Mod Rheumatol. 2026 May 8:roag038. doi: 10.1093/mr/roag038. Online ahead of print.
ABSTRACT
OBJECTIVE: Systemic inflammation plays a key role in the progression of osteoarthritis (OA). The aim of this study was to explore the association of an emerging systemic inflammation marker, the pan-immune-inflammation value (PIV), with all-cause and cardiovascular disease (CVD) mortality in patients with OA.

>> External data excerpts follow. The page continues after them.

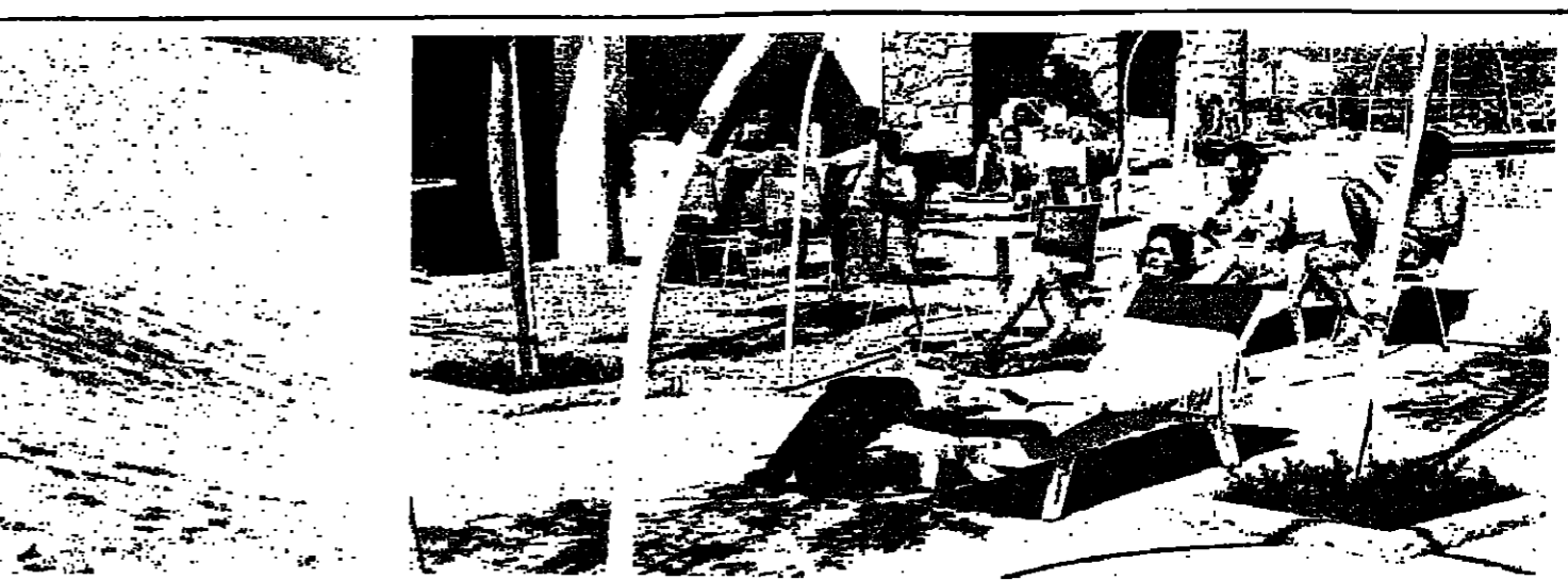
متزلج يمارس هوايته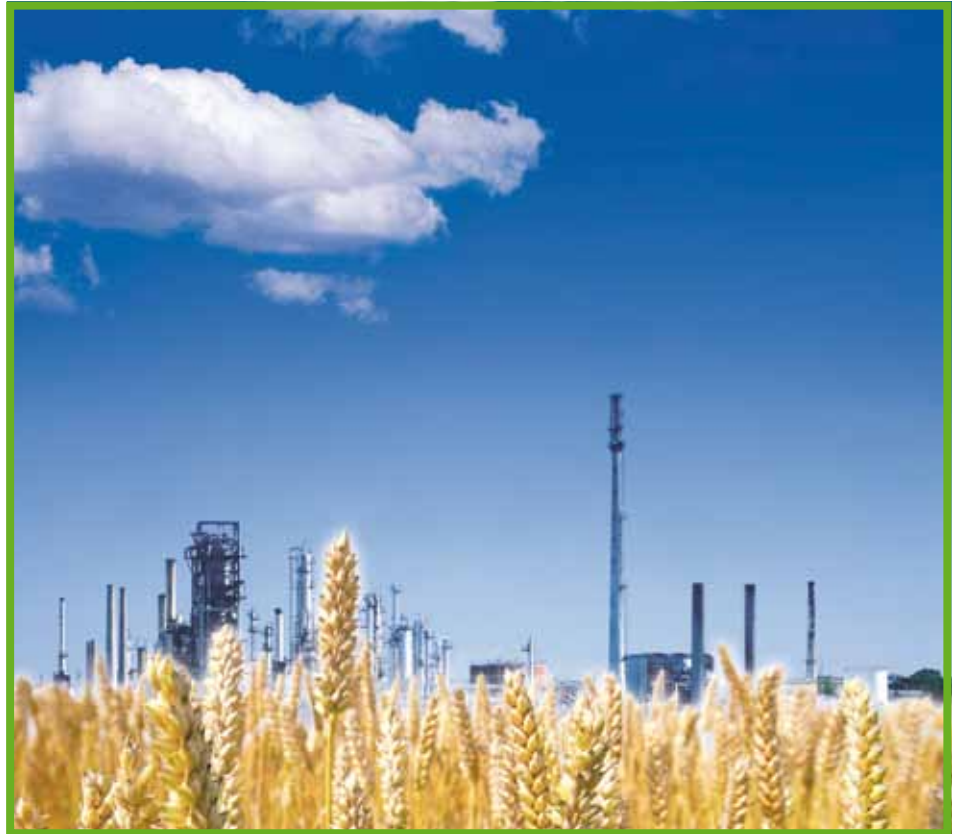
Die novellierte TA Luft soll für eine saubere Umwelt sorgen.

verfügt, kann es auf die Technischen Händler vor Ort zurückgreifen. Der hat den heißen Draht zum Anwendungstechniker der herstellenden Industrie. Die Hersteller TA Luft-konformer Dichtungen bieten wirtschaftliche und saubere Lösungen an bzw. schulen selbst. Dazu gehören eine kostengünstige Anlagenausrüstung, die Vermeidung von Folgekosten und teuren Medienverlusten. In der Reduzierung der Medienverluste liegt denn auch ein enormes Einsparungspotenzial, das nicht nur „gefühl wahrnehmbar“ ist, sondern präzise gemessen und nachgewiesen werden kann. Hier stehen bewährte Rechen-Tools bereit. Denn die Devise lautet: Die Luft ist rein, wenn alles dicht ist.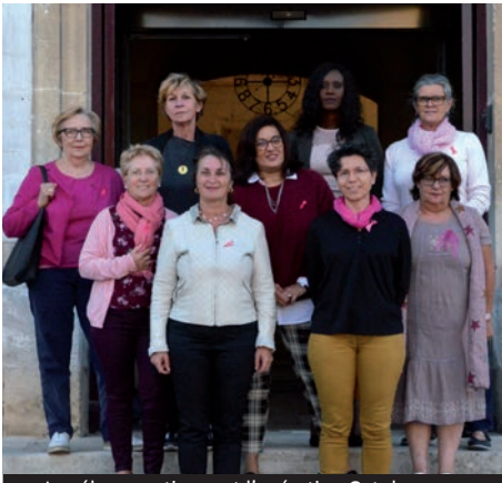
Les élues soutiennent l'opération Octobre rose

METHODS: OA participants from the National Health and Nutrition Examination Survey 1999-2018 were included. PIV was calculated according to the following formula: PIV = (platelet count × neutrophil count × monocyte count)/lymphocyte count. OA was assessed through self-report, and mortality was obtained by matching to the National Death Index.
RESULTS: A total of 3903 participants with OA were included. During the follow-up period, 1032 individuals died, 359 of whom died of CVD. After adjusting for all confounders, lnPIV was positively associated with all-cause and CVD mortality in the OA population (HR 1.273 and 1.364, respectively; p=0.002 and p=0.004). Participants with PIV at Q4 had a significantly increased risk of mortality compared to Q1 (HR 1.439 and 1.506, respectively). These associations all demonstrated nonlinear relationships and were significant only after the inflection point, suggesting a threshold effect rather than a bidirectional pattern. Alcohol consumption influenced the association between PIV and CVD mortality. However, receiver operating characteristic analyses demonstrated the limited predictive value of PIV for long-term mortality.
CONCLUSIONS: Higher PIV was associated with increased risk of all-cause and CVD mortality in US adults with OA. High-quality studies are needed to explore the value of PIV in clinical mortality prediction models.